◆ **WHAT NEEDS TO BE DONE**
Below are some records. Write out exactly their lines from the one with "Track every call" through the one with "Rotkohl-Steaks mit Misobutter", and leave the pictures behind.

◆ **RECORDS**

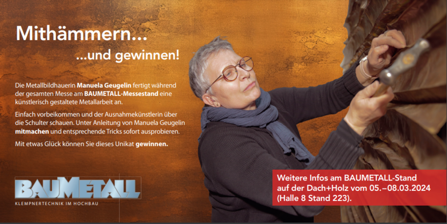Dach+Holz 2024: Wir sind dabei! Besuchen Sie uns am Zukunftsstand 223 in Halle 8 und kommen Sie mit uns ins Gespräch! Entdecken Sie unser einzigartiges Fassaden-Projekt „Libelle“ und erfahren Sie mehr über Zukunftsklempner und Zukunftsklempnerinnen. Das BAUMETALL-Team freut sich gemeinsam mit Onlineredakteurin und Klempnermeisterin Laura Kornhaaß auf den gemeinsamen Austausch mit Ihnen!
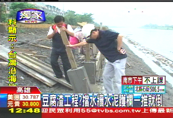 中國臺灣網10月22日消息 據臺灣TVBS電視臺報道,臺風“鲇魚”使得在919水災中受淹最嚴重的高雄市民再次神經繃緊。今日下午,高雄市楠梓地區里長向高雄市政府提出抗議,他表示高雄市后勁溪擋水墻工程是“豆腐渣工程”,用2根手指就可以推到,若臺風“鲇魚”來襲,后果不堪設想。
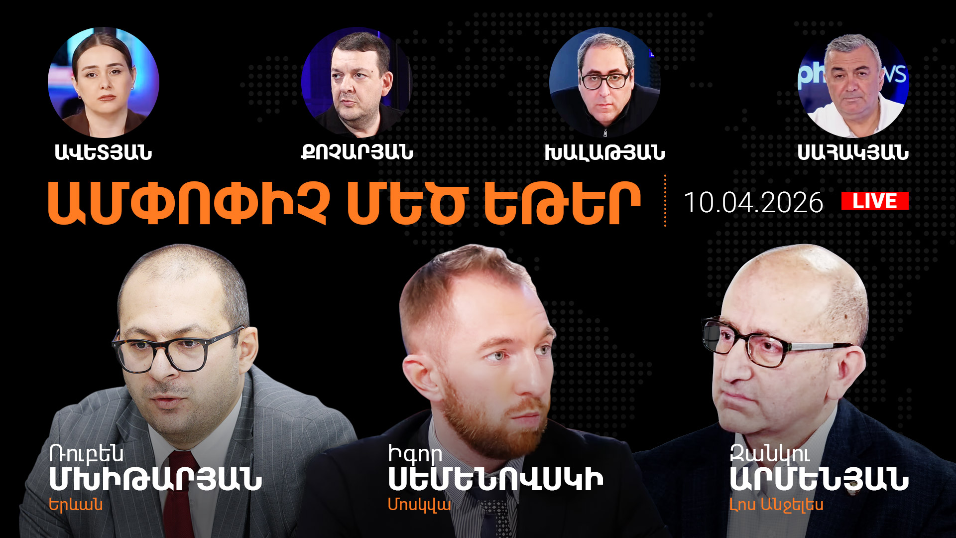 April 10 2026, 21:00 Pashinyan’s third partner in Syunik. Under Baku’s table and behind it. The diaspora – at the center of the target. Alpha Newsroom 10.04.2026 Today in of Alpha News Room: The 34th anniversary of the Maragha massacre: Armenia's MFA statement on systemic hatred and ongoing impunity for…
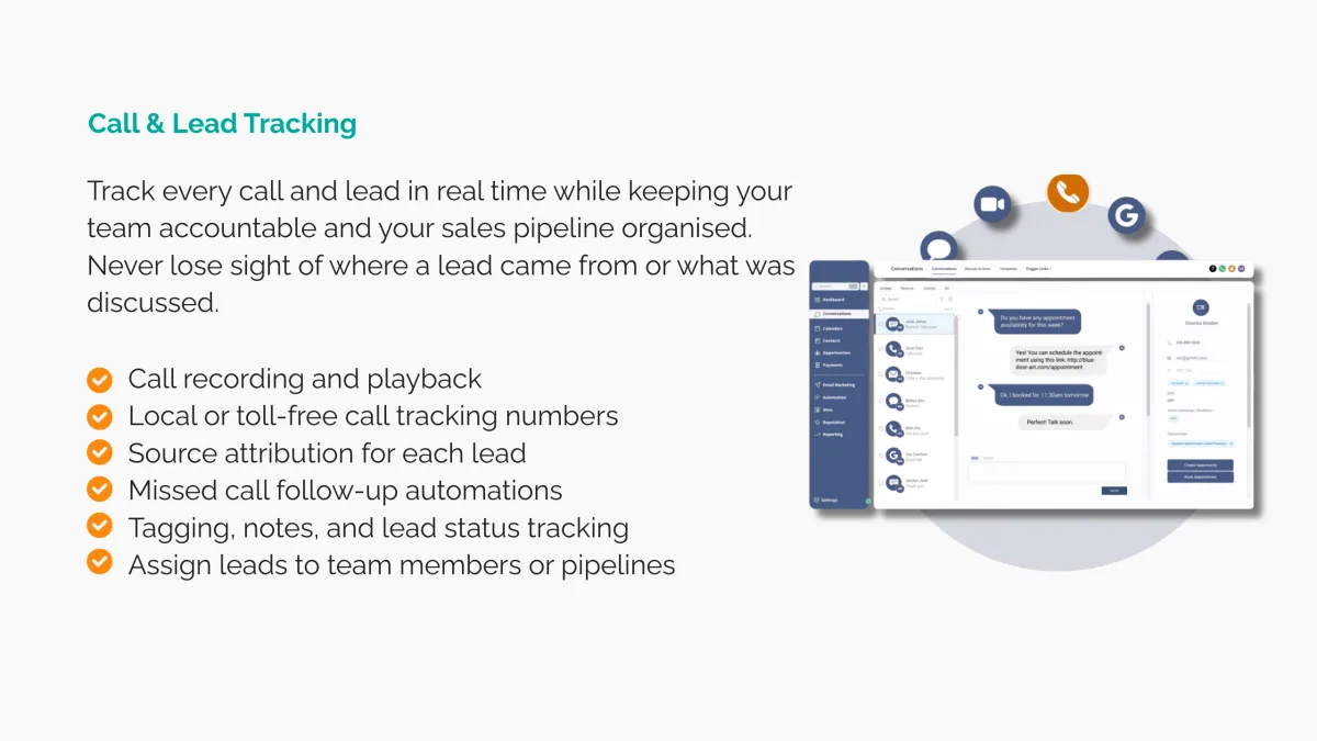 Track every call and lead in real time while keeping your team accountable and your sales pipeline organised. Never lose sight of where a lead came from or what was discussed.
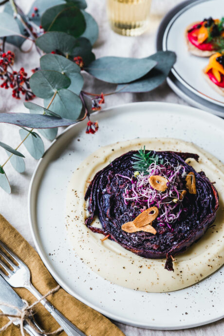 Rotkohl-Steaks mit Misobutter und Knoblauchchips
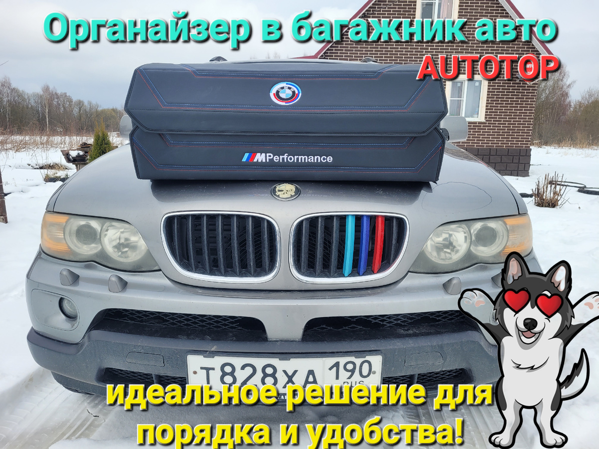 Всем доброго времени суток. А у вас порядок в багажнике ? ) У меня вот не всегда . Но теперь я приобрёл- Органайзер в багажник c логотипом БМВ - Autotop Огромный органайзер 90 см в длинну , теперь уж точно в него поместится все .) Эта сумка в багажник автомобиля выполнена из премиальной экокожи черного цветa, с вышивкой юбилейной эмблемы BMW, а фирменный шильд ///M Performance вышит на корпусе органайзера шелковой нитью. Что придает органайзеру особую изысканность. Он идеально подходит для хранения инструментов. Прочный каркас из композитного кожкартона делает органайзер стойким к различным химическим веществам, таким как моторное масло, незамерзайка, что позволяет использовать его в любых условиях без опасений за его состояние. Ящик в багажник легко очищается, не впитывает влагу и обладает износостойким внутренним слоем из файбертекса, что гарантирует долговечность эксплуатации. Сборка органайзера автомобильного занимает всего несколько минут, а липучки на дне и задней стенке о

◆ **THE ANSWER**
 Track every call and lead in real time while keeping your team accountable and your sales pipeline organised. Never lose sight of where a lead came from or what was discussed.
 Rotkohl-Steaks mit Misobutter und Knoblauchchips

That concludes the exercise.